RESEARCH

3MDR Cheat Sheet

https://sys.threemdr.himarc.ca/cheat-sheet

- Data collection timeline, survey links, etc.

Research Ethics Protocol

Study Title: Multi-modal, Motion-assisted, Memory Desensitization and Reconsolidation (3MDR) virtual reality-based treatment for individuals with post-traumatic stress disorder and associated conditions: A randomized waitlist control study
Principal Investigator: Dr. Suzette Brémault-Phillips, Professor, Department of Occupational Therapy, Faculty of Rehabilitation Medicine, University of Alberta, 8205 - 114 ST NW Edmonton, AB T6G 2G4
Ethics Board: University of Alberta Health Research Ethics Board (HREB)
Protocol #: Pro00084466


Participant ID Codes

- Each 3MDR patient participating in the study must have a unique participant ID code.
- The participant ID code includes a clinic site code, then a hyphen, then a capital "P" (for patient), then a three digit number - example: EOSIC-P001 refers to patient 001 at the EOSIC site (Edmonton Operational Stress Injury Clinic).


- Site codes:

TEST - For testing purposes (data will be ignored)
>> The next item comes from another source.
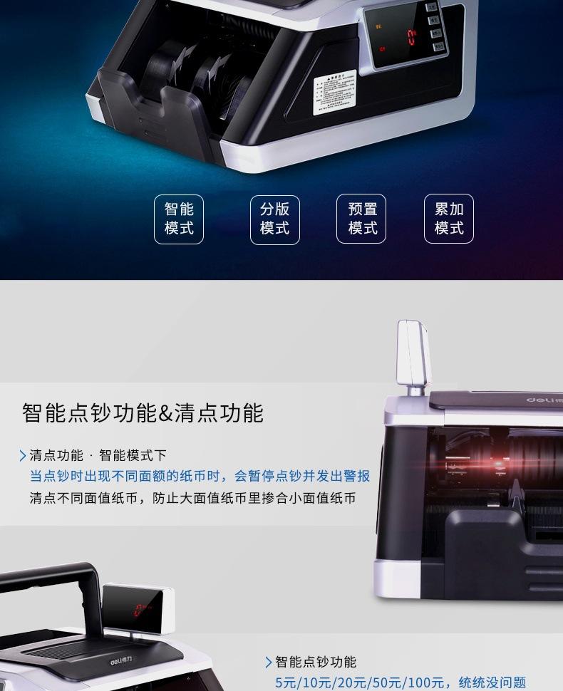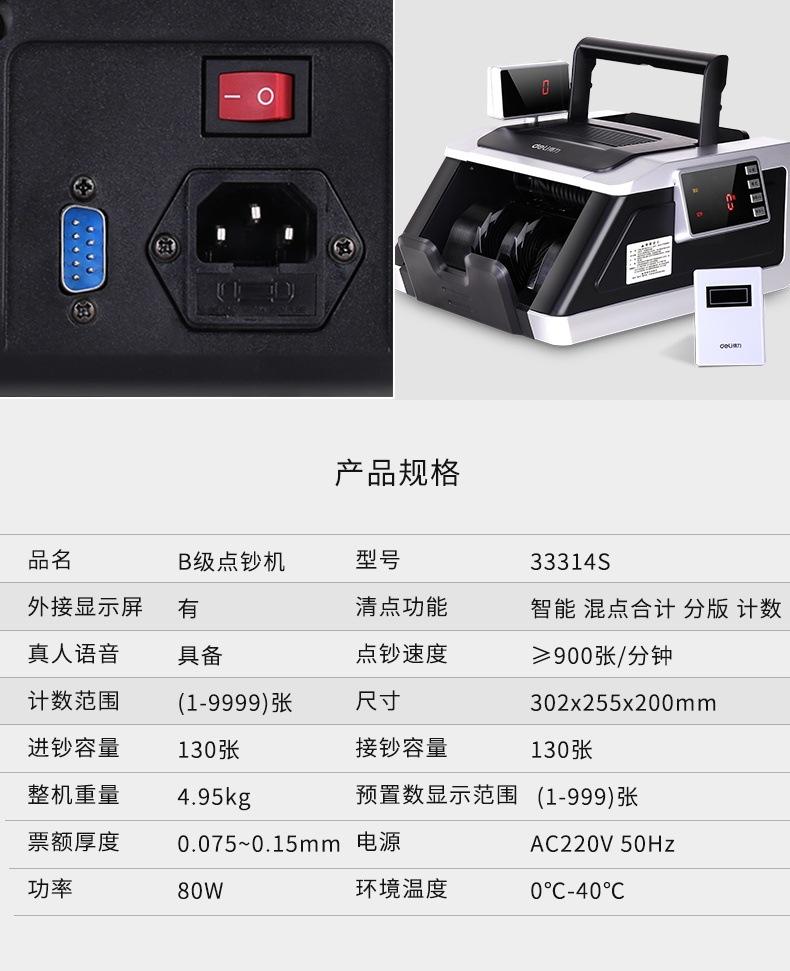 Deli 33314S Máquina de Contagem de Dinheiro Detector de Notas Inteligente CaShier Portátil Comercial Escritório Totalmente Automático Anti-falsificação Ponto B Nível

AHE - Alberta Hospital Edmonton

CDT - University of Calgary Downtown Campus

CGH - Canmore General Hospital

COSIC - Carewest Operational Stress Injury Clinic (Calgary)

EOSIC - Edmonton Operational Stress Injury Clinic

GPRH - Grande Prairie Regional Hospital

LCRH - Lethbridge Chinook Regional Hospital

MCH - Misericordia Hospital

NLRHC - Northern Lights Regional Health Centre (Fort McMurray)
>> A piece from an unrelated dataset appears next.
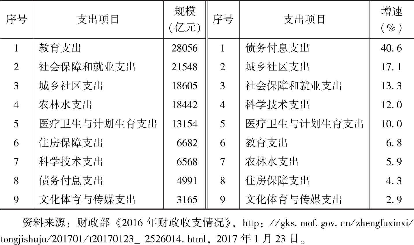 表3 2016年我國一般公共預(yù)算重點(diǎn)支出規(guī)模和增速排序

RDAMH - Red Deer Addictions and Mental Health

SCHC - Sheldon Chumir Health Centre (Calgary)

UA - University of Alberta (Corbett Hall)
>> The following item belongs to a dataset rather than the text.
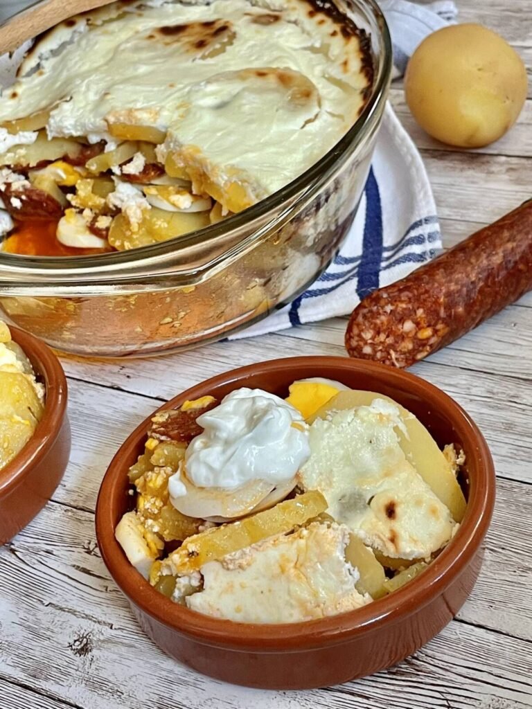 - Repeat the layers until all ingredients are used, finishing with potatoes on top.

- Each site assigns participant numbers to its own patients. No need to coordinate with other sites.

- A participant always keeps their ID code throughout the study (even if they cross over from being a waitlist control to a patient).

- A specific participant ID code should only be assigned to one person. If a participant leaves the study without any data being collected, their ID code should not be re-assigned to a new person.

Inclusion / Exclusion Criteria

(Note: Criteria below are from the research ethics protocol. Individual clinics may have additional criteria.)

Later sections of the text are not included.